Menyhert Lakatos. The Color of Smoke.
Lee, Ronald
Menyhert Lakatos. The Color of Smoke. Ann Major, tr. Williamstown,
Massachusetts. New Europe Books. 2015. 480 pages.
Menyhert Lakatos is acclaimed as Hungary's foremost Romani
author, and his novel Fustos kepek, translated by Ann Major as The Color
of Smoke, is considered to be his magnum opus. It is
semi-autobiographical, based loosely on his own experiences as a young
man coming of age in Hungary In the 1930s and early 1940s. Lakatos
(1927-2007) is also the award-winning author of two novels, a novella,
five collections of stories, and one volume of poetry. The Color of
Smoke first appeared in its original Hungarian-language edition in 1975.
It is a picaresque and somewhat salacious odyssey of a nameless
protagonist, written in the first person, who grows up as a member of a
marginalized minority group, living in a shantytown ironically called
"Gypsy Paris."
As a child, Lakatos's protagonist is drawn to his grandmother;
her stories are his link to a former and better nomadic existence in the
now-defunct Austro-Hungarian Empire. She is the conduit from the
vanished past of the Roma and their ever-worsening present as Hungary is
drawn more and more into totalitarianism. His life suddenly changes when
a near-tragic but fortuitous event enables him to attend high school
until he is expelled, along with the Jewish students, after Hungary
joins the fascist camp.
Lakatos skillfully weaves Romani customs, language, and even herbal
remedies into the story as the novel's characters interact with one
another and with the greater non-Romani world. He also describes the
constant hunger during the long, cold winters when the bigger dogs have
to be killed to prevent them from eating the small children and the
horses are butchered for food because there are no barns or fodder. In
one instance, the Roma are even forced to eat pigs from the carrion pit
after they died of swine flu in order to survive. Lice and vermin are
rampant, and there are constant outbreaks of scabies, which the women
treat with tobacco. But despite their suffering, Lakatos shows how the
Roma manage to survive, a tribute to their ingenuity and fortitude.

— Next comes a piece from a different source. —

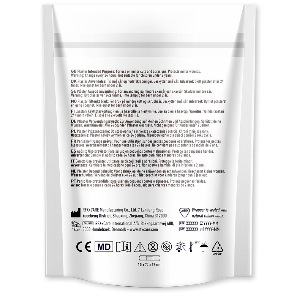 10 Stück individuell gestaltbare Pflaster mit bedruckter Papiertasche Vollfarbiger Digitaldruck auf der Verpackung möglich. Dieses Produkt erfüllt die strengen Anforderungen der Medizinprodukteverordnung (MDR) und ist bei der FDA in mehreren Ländern registriert. Entspricht den Normen ISO14001:2015 und ISO9001:2015. Pflastergröße: 72x19 mm.

When he is sixteen, the protagonist has a brief marriage in another
settlement to a fourteen-year-old bride, whom he is then forced to
abandon as he continues his odyssey with his friend, Bada, which include
more brief romantic episodes with Romani girls. He also has one
foredoomed crush on a blond Hungarian fellow student who is the daughter
of a local aristocrat. She is far beyond his reach, but she capriciously
manages to save his life when the Hungarian students drown the only
other Romani student in the school outhouse.
The story ends when the Germans invade Hungary. Soldiers surround
"Gypsy Paris" and prepare the inhabitants for transport. As
the train pulls out of the station, we can only surmise where they are
going, as the Nazi Holocaust finally engulfs Hungary's Roma.